We use Adjusted Sales, Adjusted Operating Income, Adjusted EBITDA and Adjusted Net Income as supplemental measures of our operating profitability and to operate and control our cash operating costs to evaluate our performance. These financial metrics are not measurements of financial performance under generally accepted accounting principles in the United States, or U.S. GAAP. We believe the presentation of these metrics is appropriate to provide additional information to investors about our operating performance. Our presentation of these metrics has limitations as an analytical tool, and should not be considered in isolation or as a substitute for analysis of our results as reported under U.S. GAAP. You should not consider these measures as alternatives to sales, operating income or net income, determined in accordance with U.S. GAAP. Adjusted Sales, Adjusted Operating Income, Adjusted EBITDA and Adjusted Net Income, as presented by us, may not be comparable to other similarly titled measures of other companies because not all companies use identical calculations.

Explanatory Notes to the Non-GAAP Schedules 

Amortization of acquisition related customer relationship intangible assets and depreciation of property and equipment resulting from the Transaction - adjustments to eliminate the change in amortization and depreciation resulting from the purchase accounting applied to the January 26, 2007 going-private transaction executed with investment funds affiliated with GS Capital Partners, CCMP Capital Advisors, LLC and J.P. Morgan Partners, LLC, Thomas H. Lee Partners, L.P. and Warburg Pincus LLC as well as approximately 250 senior management personnel.

Share-based compensation - adjustments to eliminate compensation expense related to the company's issuances of share-based awards and the related employer payroll tax expense incurred by the company when employees exercise in the money stock options or vest in restricted stock awards.

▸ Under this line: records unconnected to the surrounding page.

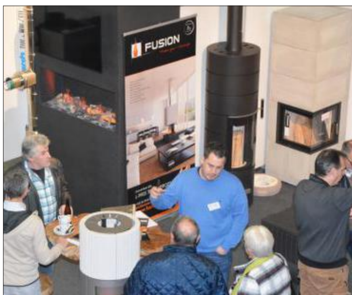
Das Spektrum war erneut breit gefächert, machte in den Bereichen Bauen und Wohnen „Appetit auf mehr“, ganz gleich ob beim Chillen am kuscheligen Kaminofen oder bei der Arbeit an der modischen Küchenfront.

Unter dem Strich bleibt eine probate Erkenntnis: Ungeachtet fortschreitender Digitalisierung und erschöpfender Informationsfülle im Netz drängt es den Käufer oder Bauherr durchaus weiterhin zum persönlichen Austausch mit (s)einem Immobilien- oder Handwerkspartner. Immerhin nachfolgend ein Dienstleister des Vertrauens.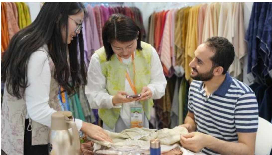
5月6日,一名来自埃及的客商在博览会上选购面料。当日,2024中国绍兴柯桥国际纺织品面料博览会(春季)在浙江省绍兴市启幕。本届博览会共设展位1400余个,参展企业600余家,展览面积3.5万平方米。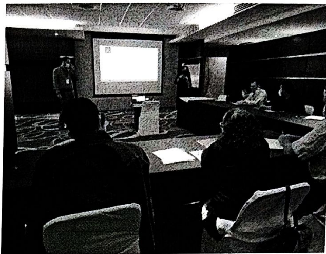
Tema: Marco Legal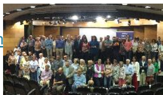
Acte de lliurament de les subvencions per aquest 2015 de l'entitat Estalvi Ètic de Colonya

La Xarxa per a la inclusió Social. EAPN-Illes Balears i els grups municipals de l'Ajuntament de Palma han signat avui matí un Pacte Municipal per a la Inclusió Social.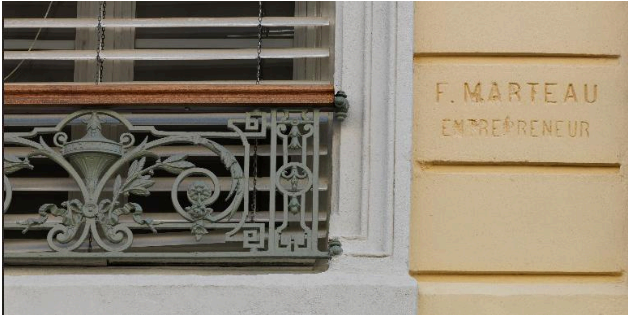
Détail : signature de l'entrepreneur, dans l'angle sud de la façade au premier étage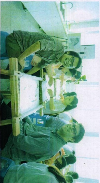
※温莎大学留学生到我校参观蜀绣大师工作室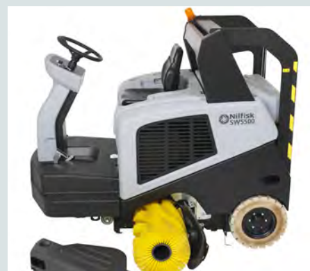
Rask og enkel utskifting av de viktigste komponentene, letter den daglige driften og reduserer nedetiden.

This adjustment excludes the expense related to the modification of missed year options in connection with the initial public offering which are included in the Initial public offering and related expenses adjustment noted below.

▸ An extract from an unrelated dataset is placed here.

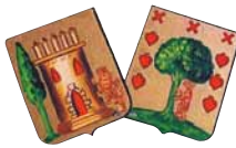
Mª Jesus Menika Gamiz-Fikako alkatea

Effect of currency translation - adjustments to eliminate the impact that fluctuations in currency translation rates had on the comparative results by presenting the periods on a constant currency basis.

Severance and other charges - adjustments to eliminate severance expenses and other costs incurred in the applicable period such as costs incurred to start-up our Business Service Center in Nashville, TN ($6.4 million for the fourth quarter of 2014 and $24.5 million for the year-to-date 2014 and $2.1 million for the fourth quarter and year-to-date 2013), organizational streamlining initiatives ($20.9 million for the fourth quarter of 2014 and $21.3 million for the year-to-date 2014 and $16.5 million for the fourth quarter of 2013 and $71.2 million for the year-to-date 2013), goodwill impairments and asset write-offs ($0.4 million for the fourth quarter of 2013 and $23.6 million for the year-to-date 2013) and other transformational initiatives ($4.3 million for the fourth quarter of 2014 and $7.8 million for the year-to-date 2014 and $0.6 million for the fourth quarter of 2013 and $16.6 million for the year-to-date 2013).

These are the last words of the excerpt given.